• [WORK TO BE COMPLETED] Leaving the pictures aside, repeat every line below exactly.

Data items
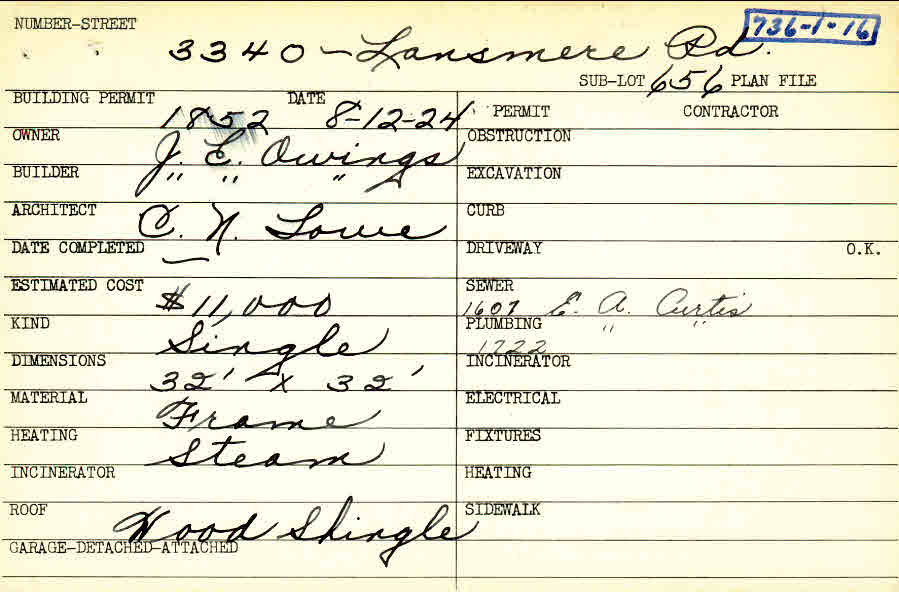 3340 Lansmere Road Shaker Heights, OH 44122 PARCEL ID: 736-01-016 Building Permit Date: 08-12-1924 Plan File Number: 0 Neighborhood: Fernway Owner: Owings, J. E. Builder: Owings, J. E. Architect: Lowe, C. N. Estimated Cost: 11000 Kind: Single, Single Residence or Dwelling Material: Frame Heating: Steam Roof: Wood Shingle Card Available: yes |
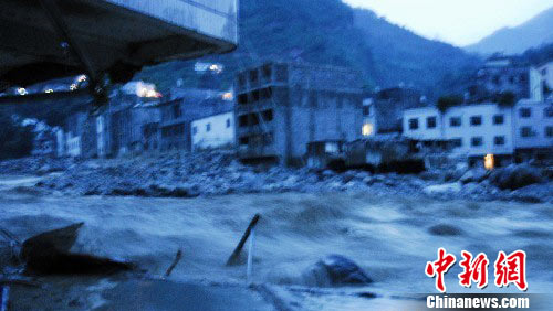 7月13日凌晨4时许,云南昭通巧家县小河镇发生山洪灾害,初步统计已造成12人死亡、32人失踪、43人受伤,并有50余户民房在灾害中倒塌、损毁。图为被洪水冲垮的桥梁。中新社发 田洪 摄
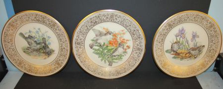Three 10"dia Lenox Boehm bird plates, 1978 mockingbirds, 1979 crowned Kinglets, 1981 Eastern Phoebe Three 10"dia Lenox Boehm bird plates, 1978 mockingbirds, 1979 crowned Kinglets, 1981 Eastern Phoebe
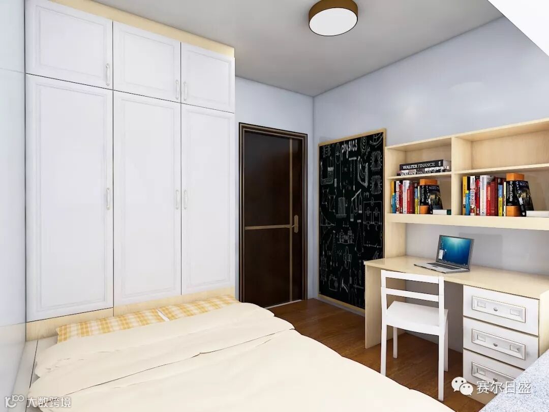 儿童房的面积相对有限,做一个组合型的榻榻米,一体化设计,节省很多空间。
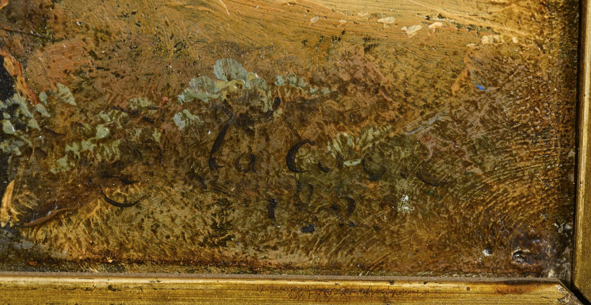 Öl/Malkarton. Rechts unten undeutlich signiert. 1829.
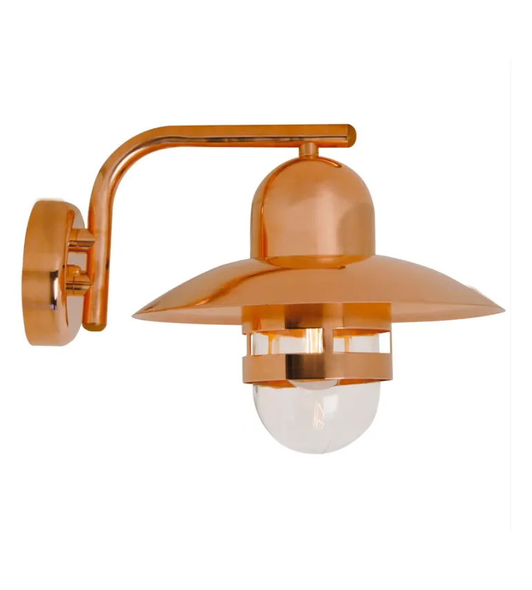 Nibe udendørs væglampe i smukt kobber bliver en flot dekoration til dit uderum med de bløde former og klare staldglas. Væglampen er lavet af materialer, der er specielt egnet til at klare dårligt vejr, og der tilbydes 15 års garanti, hvis der skulle komme uønsket korrosion i løbet af tiden. Venø er en del af ‘designed for Seaside’ – sortimentet, der er egnet til at modstå de hårdeste kystnære vejrforhold
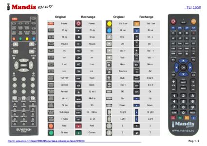 Un document est inclus pour vous aider à utiliser facilement la nouvelle télécommande, en indiquant la correspondance des boutons.
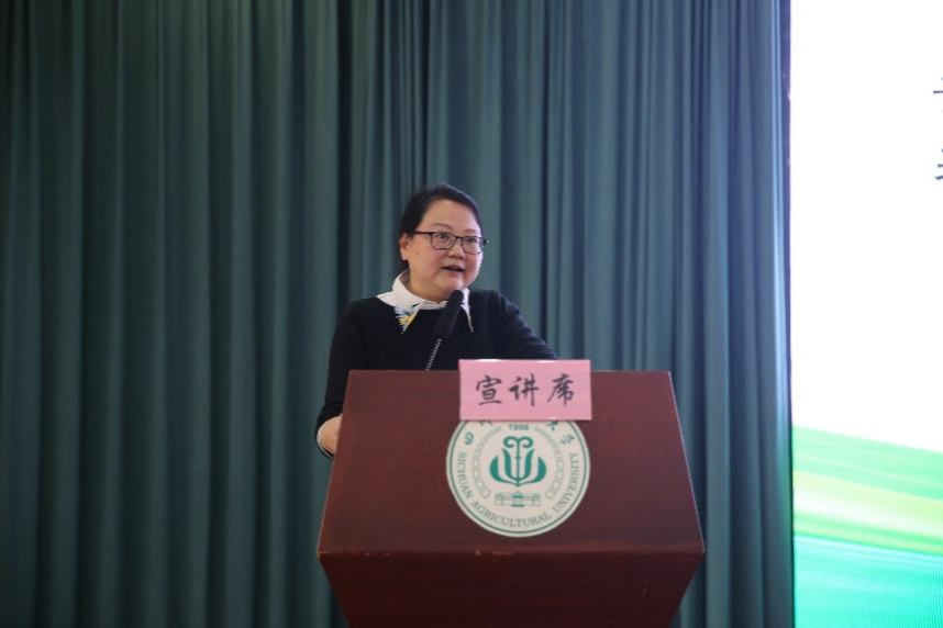 “‘川农大精神’它是顶天立地追卓越的精神!”黎明艳以《“川农大精神”传承人的印记》为题,通过回顾“川农大精神”的由来,分析“川农大精神”的内涵精髓,介绍其在全国的影响,带领师生加深对“川农大精神”的认识。她以作物学水稻研究为例,深情讲述了从杨开渠、周开达再到陈学伟、马均、黄富等三代川农人将“川农大精神”写在大地上的故事,号召广大师生在新征程中继续步履不停、砥砺奋进,让“川农大精神”在新时代继续得到践行与传承。
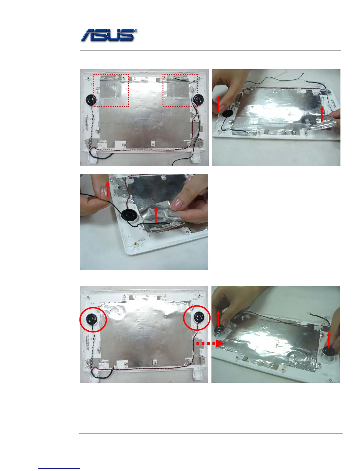 10. Take the speaker cables off cable guides and remove both speakers from their slots.
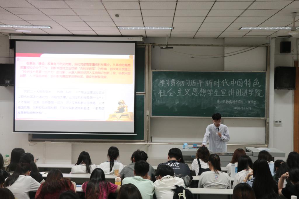 宣讲会上,吕昕同学总体上围绕党的二十大相关内容,从全面了解党的二十大基本概况、深刻领会党的二十大的重要意义、充分掌握党的二十大精神的主旨思想以及科学把握党的二十大精神的主要内容四个方面进行宣讲。她强调,党的二十大精神于筑牢中华民族共同体意识密切相关,青年学子应将个人成长于国家发展、民族团结紧密结合。吴运超同学以“科教融合”为主题,从科技发展的重要性出发,详细介绍科技创新赋能新时代发展的具体方式。田昭霖同学以“两个确立”为主题进行宣讲,强调“两个确立”是新时代实现伟大变革的关键所在,是新征程上赢得未来的必然要求,为我们开创未来提供了根本保障。
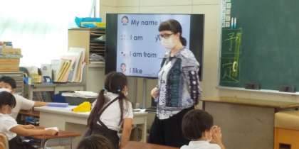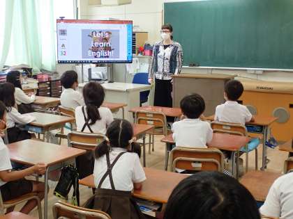R3.9.17昨年度に続き、樟蔭学園のポロナ先生(Polona)から、本日は3時間の特別授業(英語)を行っていただきました。
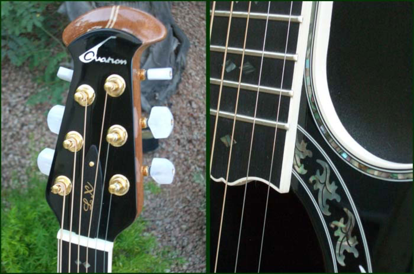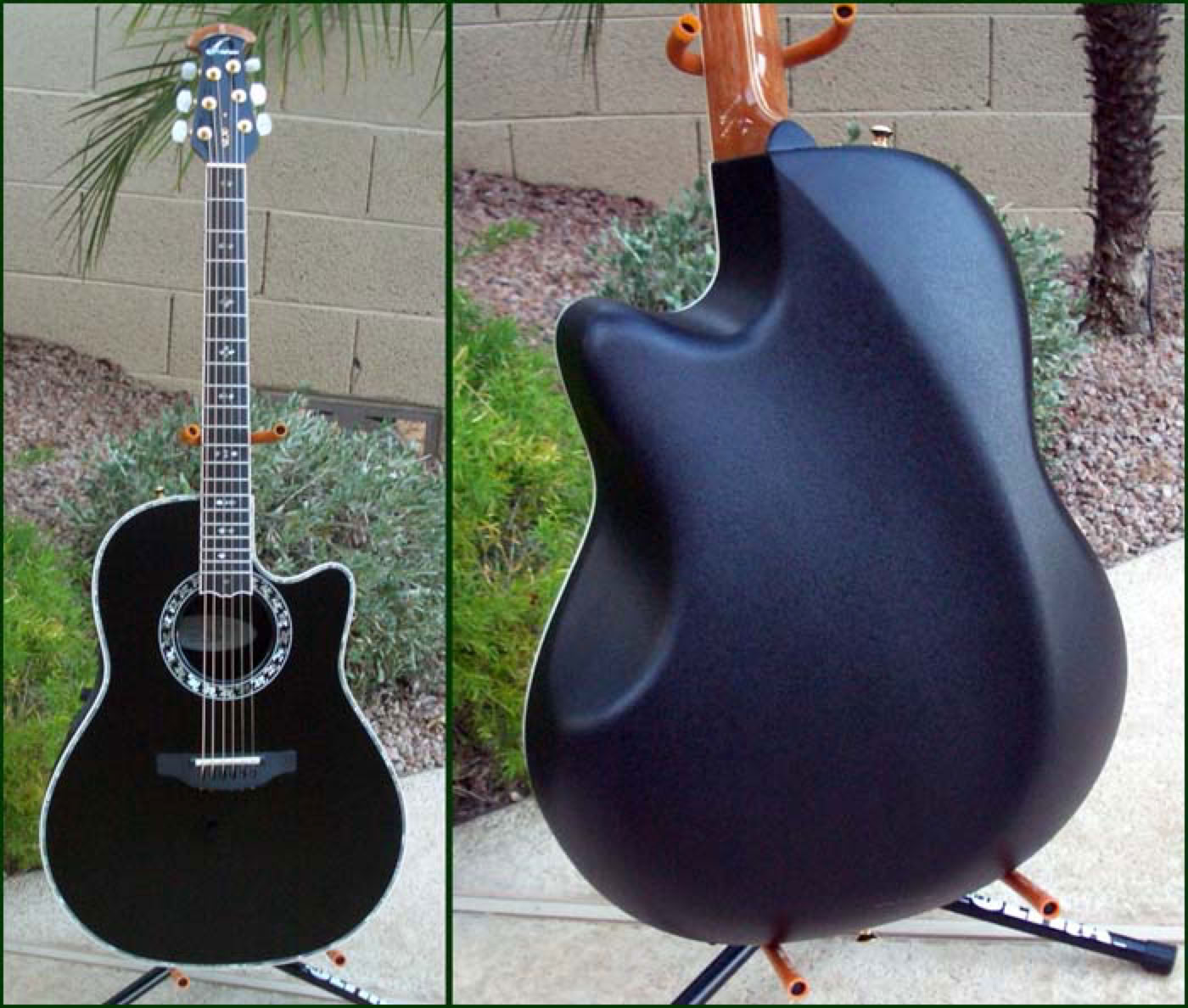 Following quickly on the success of the Contour Bowl introduced on the 2005 Collectors guitar, Ovation started offering in the summer of 2005 a Contour Bowl version of the Custom Legend LX. All other features are standard of the Custom Legend - select sitka spruce top, abalone body binding, 5 piece gloss neck, abalone fretboard inlays, OP-Pro preamp with XLR output, inlayed abalone rosette. But the model C2079, as shown below in gloss black, has the added benefit of the wonderful Contour Bowl. This innovative shape has all the benefits of the traditional lyrachord bowl, but has the added comfort of the new contoured shape. The Custom Legend LX Contour Bowl is currently the top model in the Ovation line and worthy of it.
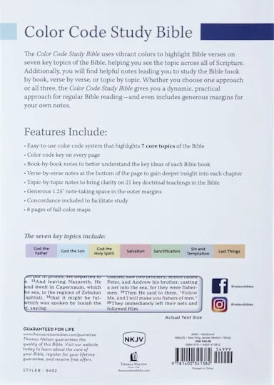Additionally, you will find helpful notes throughout the Scripture leading you to study the Bible book by book, verse by verse, or topic by topic. Whether you choose one approach or all three, the Color Code Study Bible gives you dynamic, practical approach for regular Bible reading—and even includes generous margins for your own notes.
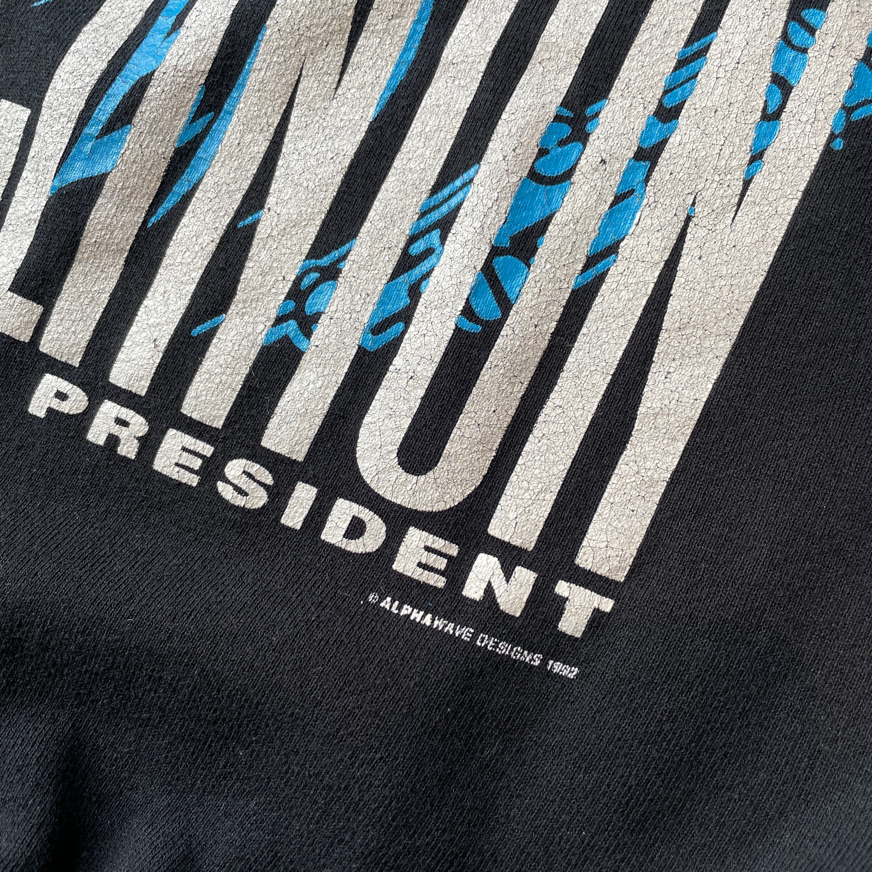 1992年のアメリカ大統領選をモチーフにしたビル・クリントンのキャンペーンスウェット。サックスを吹く姿と「THE CURE FOR THE BLUES」のコピーが象徴的な一枚。JERZEESボディのUSA製、90年代らしいメッセージ性とグラフィックが魅力です。

• [RESPONSE TO THE EXERCISE]
 3340 Lansmere Road Shaker Heights, OH 44122 PARCEL ID: 736-01-016 Building Permit Date: 08-12-1924 Plan File Number: 0 Neighborhood: Fernway Owner: Owings, J. E. Builder: Owings, J. E. Architect: Lowe, C. N. Estimated Cost: 11000 Kind: Single, Single Residence or Dwelling Material: Frame Heating: Steam Roof: Wood Shingle Card Available: yes |
 7月13日凌晨4时许,云南昭通巧家县小河镇发生山洪灾害,初步统计已造成12人死亡、32人失踪、43人受伤,并有50余户民房在灾害中倒塌、损毁。图为被洪水冲垮的桥梁。中新社发 田洪 摄
Three 10"dia Lenox Boehm bird plates, 1978 mockingbirds, 1979 crowned Kinglets, 1981 Eastern Phoebe Three 10"dia Lenox Boehm bird plates, 1978 mockingbirds, 1979 crowned Kinglets, 1981 Eastern Phoebe
 儿童房的面积相对有限,做一个组合型的榻榻米,一体化设计,节省很多空间。
 Öl/Malkarton. Rechts unten undeutlich signiert. 1829.
 Nibe udendørs væglampe i smukt kobber bliver en flot dekoration til dit uderum med de bløde former og klare staldglas. Væglampen er lavet af materialer, der er specielt egnet til at klare dårligt vejr, og der tilbydes 15 års garanti, hvis der skulle komme uønsket korrosion i løbet af tiden. Venø er en del af ‘designed for Seaside’ – sortimentet, der er egnet til at modstå de hårdeste kystnære vejrforhold
 Un document est inclus pour vous aider à utiliser facilement la nouvelle télécommande, en indiquant la correspondance des boutons.
 “‘川农大精神’它是顶天立地追卓越的精神!”黎明艳以《“川农大精神”传承人的印记》为题,通过回顾“川农大精神”的由来,分析“川农大精神”的内涵精髓,介绍其在全国的影响,带领师生加深对“川农大精神”的认识。她以作物学水稻研究为例,深情讲述了从杨开渠、周开达再到陈学伟、马均、黄富等三代川农人将“川农大精神”写在大地上的故事,号召广大师生在新征程中继续步履不停、砥砺奋进,让“川农大精神”在新时代继续得到践行与传承。
 10. Take the speaker cables off cable guides and remove both speakers from their slots.
 宣讲会上,吕昕同学总体上围绕党的二十大相关内容,从全面了解党的二十大基本概况、深刻领会党的二十大的重要意义、充分掌握党的二十大精神的主旨思想以及科学把握党的二十大精神的主要内容四个方面进行宣讲。她强调,党的二十大精神于筑牢中华民族共同体意识密切相关,青年学子应将个人成长于国家发展、民族团结紧密结合。吴运超同学以“科教融合”为主题,从科技发展的重要性出发,详细介绍科技创新赋能新时代发展的具体方式。田昭霖同学以“两个确立”为主题进行宣讲,强调“两个确立”是新时代实现伟大变革的关键所在,是新征程上赢得未来的必然要求,为我们开创未来提供了根本保障。
R3.9.17昨年度に続き、樟蔭学園のポロナ先生(Polona)から、本日は3時間の特別授業(英語)を行っていただきました。
 Following quickly on the success of the Contour Bowl introduced on the 2005 Collectors guitar, Ovation started offering in the summer of 2005 a Contour Bowl version of the Custom Legend LX. All other features are standard of the Custom Legend - select sitka spruce top, abalone body binding, 5 piece gloss neck, abalone fretboard inlays, OP-Pro preamp with XLR output, inlayed abalone rosette. But the model C2079, as shown below in gloss black, has the added benefit of the wonderful Contour Bowl. This innovative shape has all the benefits of the traditional lyrachord bowl, but has the added comfort of the new contoured shape. The Custom Legend LX Contour Bowl is currently the top model in the Ovation line and worthy of it.
Additionally, you will find helpful notes throughout the Scripture leading you to study the Bible book by book, verse by verse, or topic by topic. Whether you choose one approach or all three, the Color Code Study Bible gives you dynamic, practical approach for regular Bible reading—and even includes generous margins for your own notes.
 1992年のアメリカ大統領選をモチーフにしたビル・クリントンのキャンペーンスウェット。サックスを吹く姿と「THE CURE FOR THE BLUES」のコピーが象徴的な一枚。JERZEESボディのUSA製、90年代らしいメッセージ性とグラフィックが魅力です。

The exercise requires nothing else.